Снова фуражка с синим околышем, контрольный пост в вестибюле. Я должен предъявить повестку. У меня не было повестки. Документы. Под документами всегда подразумевается паспорт. Снова изучается мой паспорт, злосчастный документ, в котором есть незаметная коварная пометка. Если бы я стал невидимым, о, если бы я стал невидимым. Я бы тотчас вышвырнул эту книжицу в реку, я бы её порвал в мелкие клочья и спустил в сортир. Мне предложено пройти. Само собой, не в рабочий кабинет или где они там сидят. Комнатушка здесь же, на первом этаже, с зарешечённым окном, облупленный стол и два стула. Я сижу, время идёт. Наконец, приоткрылась вторая дверь, цоканье сапог с подковками. Плоское, очень русское, веснущатое, открытое и непроницаемое лицо, глаза цвета мыла, капитанские погоны. Я вскочил, как автомат, руки по швам. Он не стал садиться, заглянул мельком в паспорт, задавал вопросы, ответы известны заранее. Когда освободился? Статья? Так точно, пробормотал я.
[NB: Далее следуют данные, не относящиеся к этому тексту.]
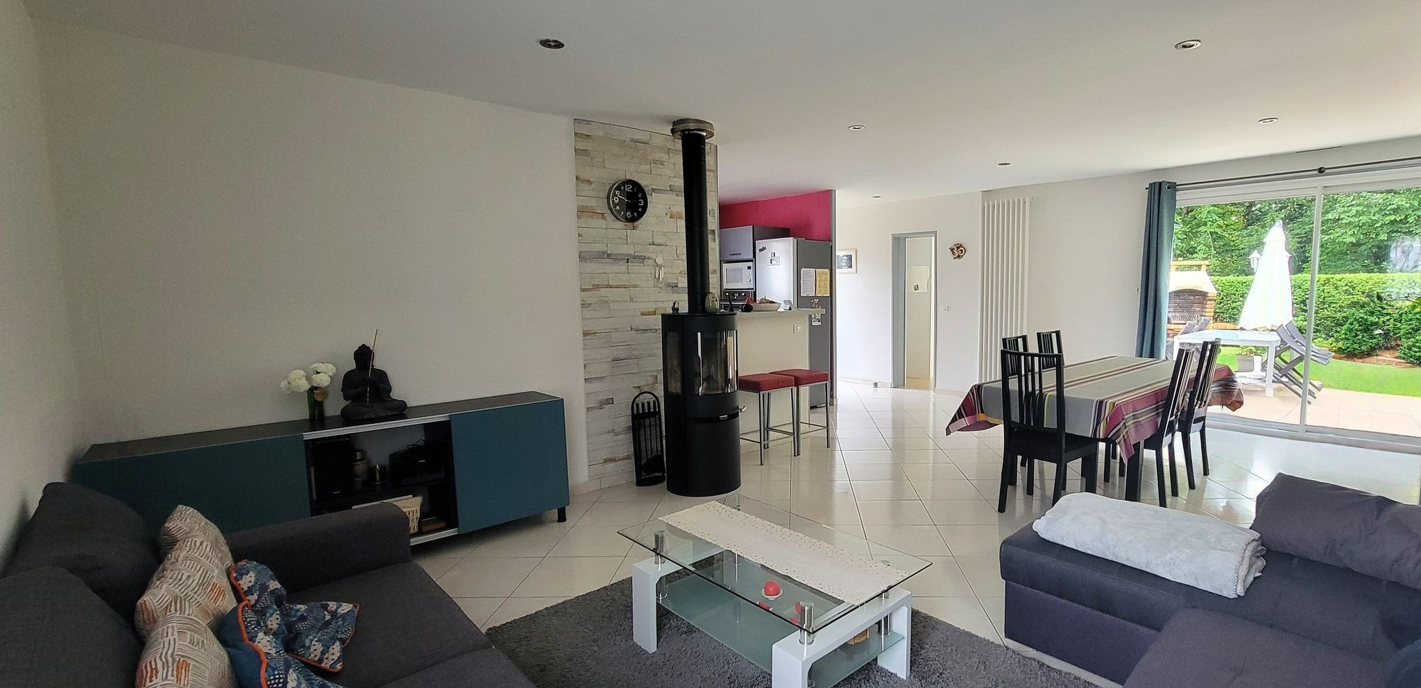 Parfaitement entretenue, elle bénéficie d’une distribution optimale et lumineuse, d’un séjour/salon traversant et agrémenté d’un poêle à bois, de nombreux rangements, d’un garage doté d’un espace de stockage en mezzanine (porte motorisée), de portes et fenêtres doubles vitrages avec volets roulants électriques, d’une chaudière gaz récente et d’un jardin entourant la maison sans vis-à-vis et contigu au parc du Chassay.

Теперь я думал только о том, как бы отсюда выбраться. Ошеломляющая мысль: ведь они могли забыть обо мне. А я взял да и сам явился. Надо же — сам явился. За жопу его!
Так точно: я изменник. Изменил родине, и никакие отговорки не помогут — пусть и спирт кончился, и боеприпасы кончились, и отовсюду наседают автоматчики, и связь со штабом полка прервана, пускай про нас забыли, пускай бросили нас на произвол судьбы. Стоять — и ни шагу назад. Лейтенант сидит на снегу, без фуражки, сапоги в разные стороны, снег под ним в красных пятнах, надорванным голосом сипит: бросай оружие, ребята. Был ли шанс избежать плена? Может, какой-то шанс и был. Вместо этого все, один за другим, подняли руки. Немец-офицер подошёл к лейтенанту и в упор застрелил его.
Я стою и смотрю на человека с глазами как мыло, а он смотрит на меня. И мне хочется сказать: какая, на х…, родина, нет у нас никакой родины. Родина — это начальство. Вот эти самые суки, которые сидят в тех самых кабинетах.
Я смотрю на него. Война кончилась. Американцы свезли всех в лагерь — где-то там на юге, город Кемптен. В бывшее училище… Женщины-остовки, некоторые с детьми, прибалты — латыши и литовцы, ещё разная сволочь, а больше всего военнопленных из разных лагерей. Лето, жара даже ночью не спадает, все лежат вповалку, в зале, в коридорах, снаружи во дворе. Утром подъём — накормили завтраком, потом митинг на площади, подъезжает джип, вылезает майор в пилотке как кораблик, в курточке табачного цвета, тут же и комендант лагеря, и с ними наш русский, полковник с тремя звёздами на погонах. Приказ американского командования (переводчик переводит): все, кто проживал в Союзе после 1920 года, подлежат передаче союзникам. То есть нашим. Толпа заволновалась, полковник поднял руку и стал зачитывать указ Верховного совета. Пункт седьмой, наизусть его помню. Я запомнил всё, вот в чём горе. Освободить от ответственности советских граждан, находящихся за границей… которые в период Великой Отечественной войны сдались в плен врагу, если они искупили вину… явились с повинной…
Юмористы: какая, на х…, повинная?
Поручить Совету министров принять меры к облегчению въезда в СССР советским гражданам…
Что тут началось… Крики, обмороки, плач женщин. Назавтра спохватились, многих нет: ушли куда глаза глядят, в горы, в лес. Начали составлять списки. Возвращаться? Многие так и решили. Я сам вначале обрадовался. Так хотелось снова увидеть Москву… После обеда стали вызывать по списку в комендатуру, проверка документов: родина ждёт вас, сволочи! Почти ни у кого документов нет. Ползут слухи, что нас там считают изменниками: почему сдались, а не погибли в бою? Смотрю, майор вытащил фотоаппарат, все стали оборачиваться. С заднего двора выступила процессия — дети, подростки, худые, оборванные, с плакатами, кто-то им написал по-английски: «Просим американской защиты против отправки насильно в СССР». Наутро оказалось, что лагерь окружён: американские танкетки с пулемётами.
Капитан похлопал моим паспортом по ладони, вернул мне. Работаешь? — спросил он. Я сказал: пока ещё нет. Что, не берут? Я снова пожал плечами. Не мог же я ответить, что никуда не совался — дал себе слово: если когда-нибудь выйду на волю, то уж ни одна сволочь больше не заставит меня работать.